Reputation: 3729
Using Natto gem (MeCab) is it possible to convert a mixed katakana/hiragana/kanji/alpha string to katakana/hiragana/alpha? (i.e. converts the kanji).
For example I need to convert this text:
日本語だぜ、これが。
これはカタカナである。
こいつはEnglish alphabet charsなのです。
ABC123てのは全角英数字です。
into this:
にほんごだぜ、これが。これはカタカナである。こいつはEnglishalphabetcharsなのです。ABC123てのはぜんかくえいすーじです。
Thanks!
Upvotes: 1
Views: 3452
Reputation: 3917
Author of the natto rubygem here. Thanks for using natto!
If I understand your question correctly, you would like to convert only the kanji characters into their corresponding hiragana (furigana) characters. The Ruby extension library NKF allows you to transform katakana into hiragana, and since MeCab yomi is by default returned as katakana, you could combine natto and NKF to convert the yomi readings for kanji only, leaving the other characters (hiragana, katakana, full- and/or half-width chars) as-is.

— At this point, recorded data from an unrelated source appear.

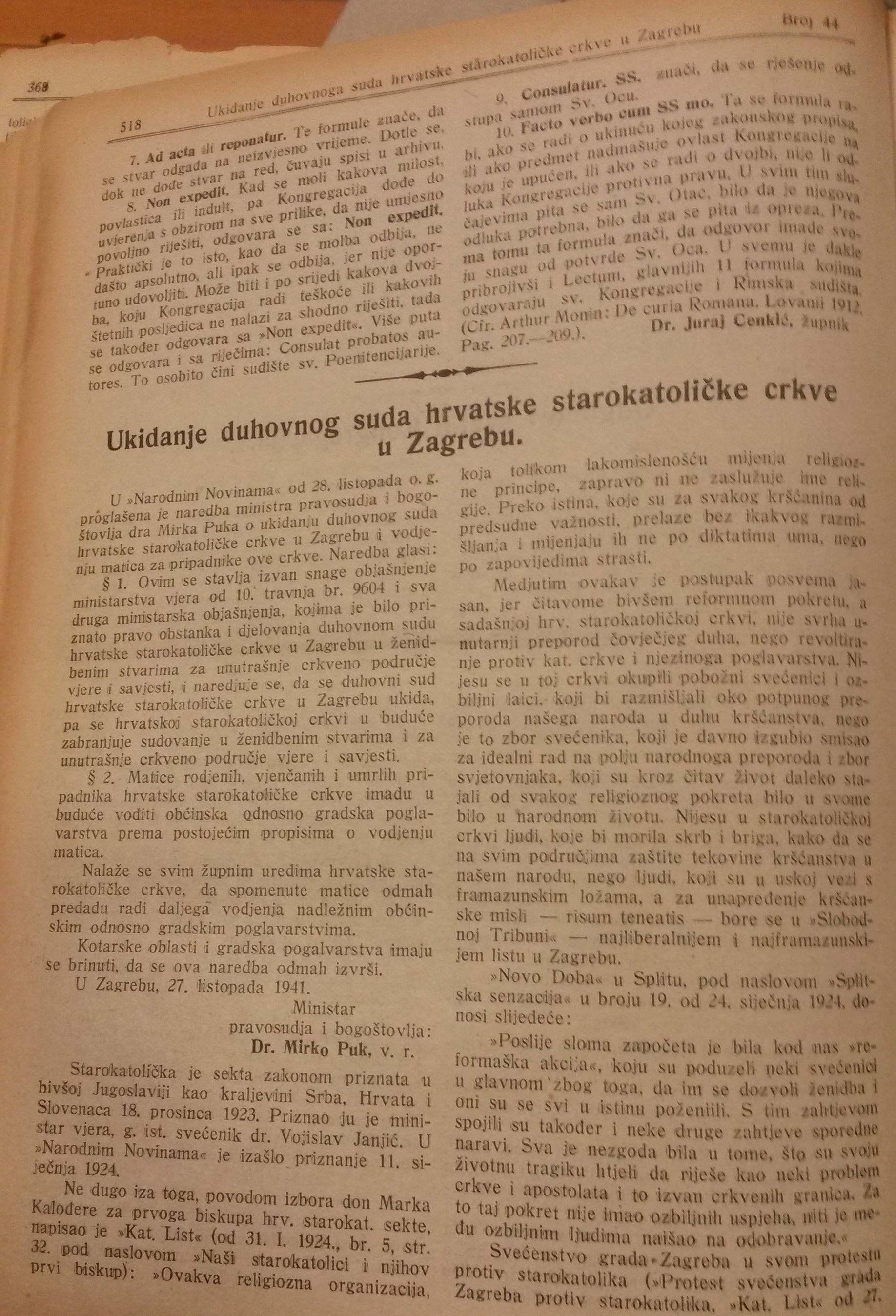 Vijest da je država oduzela javne ovlasti Starokatoličkoj crkvi primljena je sa zadovoljstvom u Katoličkom listu, jer ona "zapravo ni ne zaslužuje ime religije", a i svrha joj je - "revoltiranje protiv Katoličke crkve i njezinoga poglavarstva". To je sekta i "niti je katolička niti je hrvatska", a priznala ju je, dakako, Beogradska vlada. Ovu odluku ministra pravosuđa NDH smatraju dalekovidnom i usmjerenom ka napretku hrvatskog naroda.
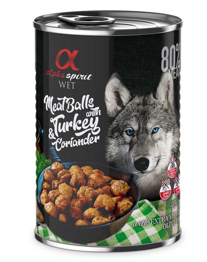 Zloženie: Mäso 80 % (kuracie mäso 70 %, morčacie mäso 10 %), zemiakový škrob, hrachová bielkovina, koriander, minerálne látky, extra panenský olivový olej
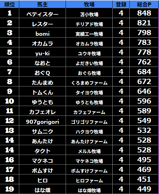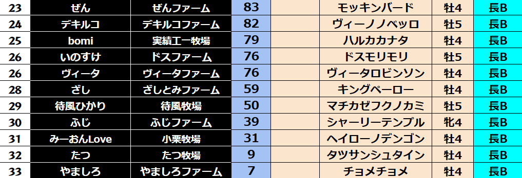 ダビスタ 【ダビスタSwitch】suke3BC season4 !! 6月3週目 結果発表!! 遅くなりました! 6月3週の結果になります! 【先週のシャンパラー🍾】 LULAさん(雀魂) ぺこさん(スト6) ざしさん(ダビスタ) うま...
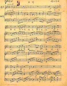 ◆黄自《思乡》手稿(部分),摘自《黄自先生诞辰110周年珍贵文献档案展展览手册》
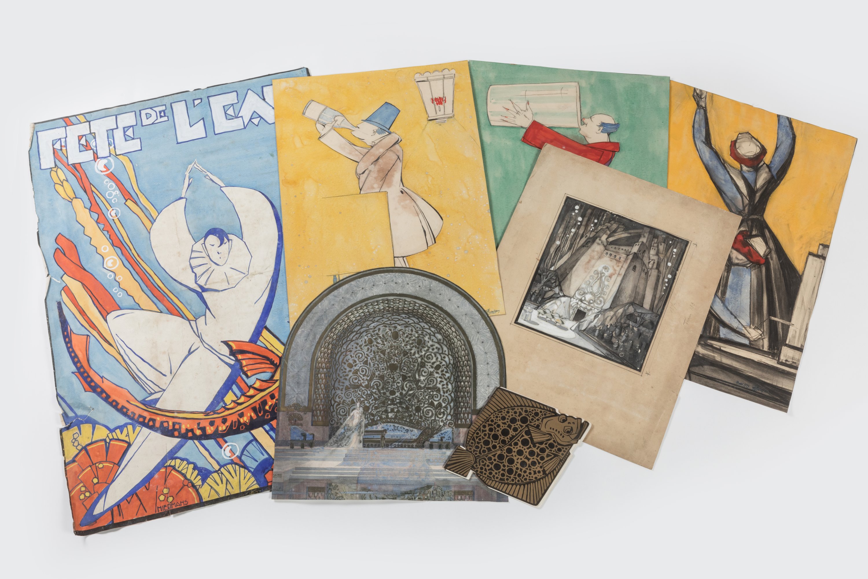 - Maquette pour la Fête de l'Eau. Fusain, encre et gouache sur papier. Signé en bas à droite. Indications manuscrites "Trame 133" et "18f" sur papier fort. Haut. 33,5 Larg. 29 cm (trous, déchirures, tache, contrecollé sur papier). Sans cadre. Bibliographie: Maison des Journalistes, Livret de la Fête de l'Eau du 7 juillet 1923, p. 11 ;
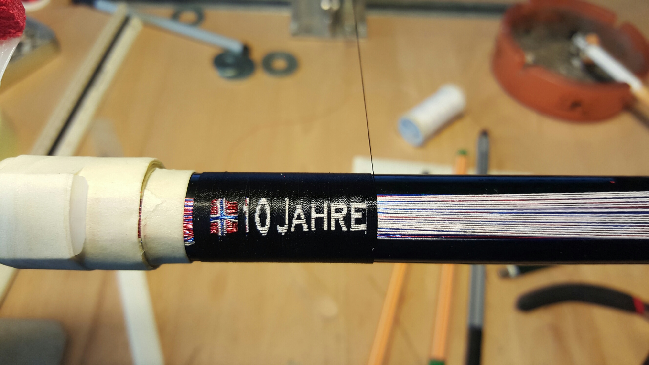Ich bin nur Weber - Laie, aber ich hätte die Fäden der Flagge nach dem Abbinden gekappt, stelle ich mir für den Rest der Wicklung angenehmer vor und die "1" wäre nicht farbkontaminiert.
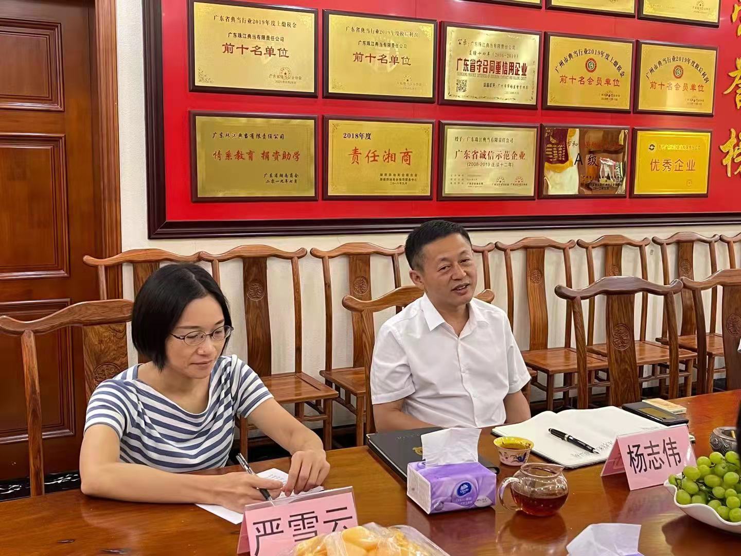 2021年8月18日上午,中国国际贸易促进委员会广东省委员会二级巡视员、广东国际商会负责人李栋,广东国际商会项目经理曾翠媚等一行莅临广东珠江典当行调研指导,广东省贸促会(广东国际商会)副会长、广州市典当行业协会会长、广东珠江典当行董事长杨志伟主持召开座谈会,市典当协会副秘书长严雪云、市海上丝绸之路商会秘书处负责人杨国华、珠江典当行综合管理部负责人刘伟锋等参加了座谈会。

The key is to use natto to node-parse the input, and examine the char type value for each MeCab node. If the node's char type value is 2, that corresponds to a kanji node. You could then obtain the katakana yomi value from the MeCab node, and then use NKF to convert the katakana yomi into hiragana.
I just put up an example on the natto wiki.
Hope that helps!
Upvotes: 7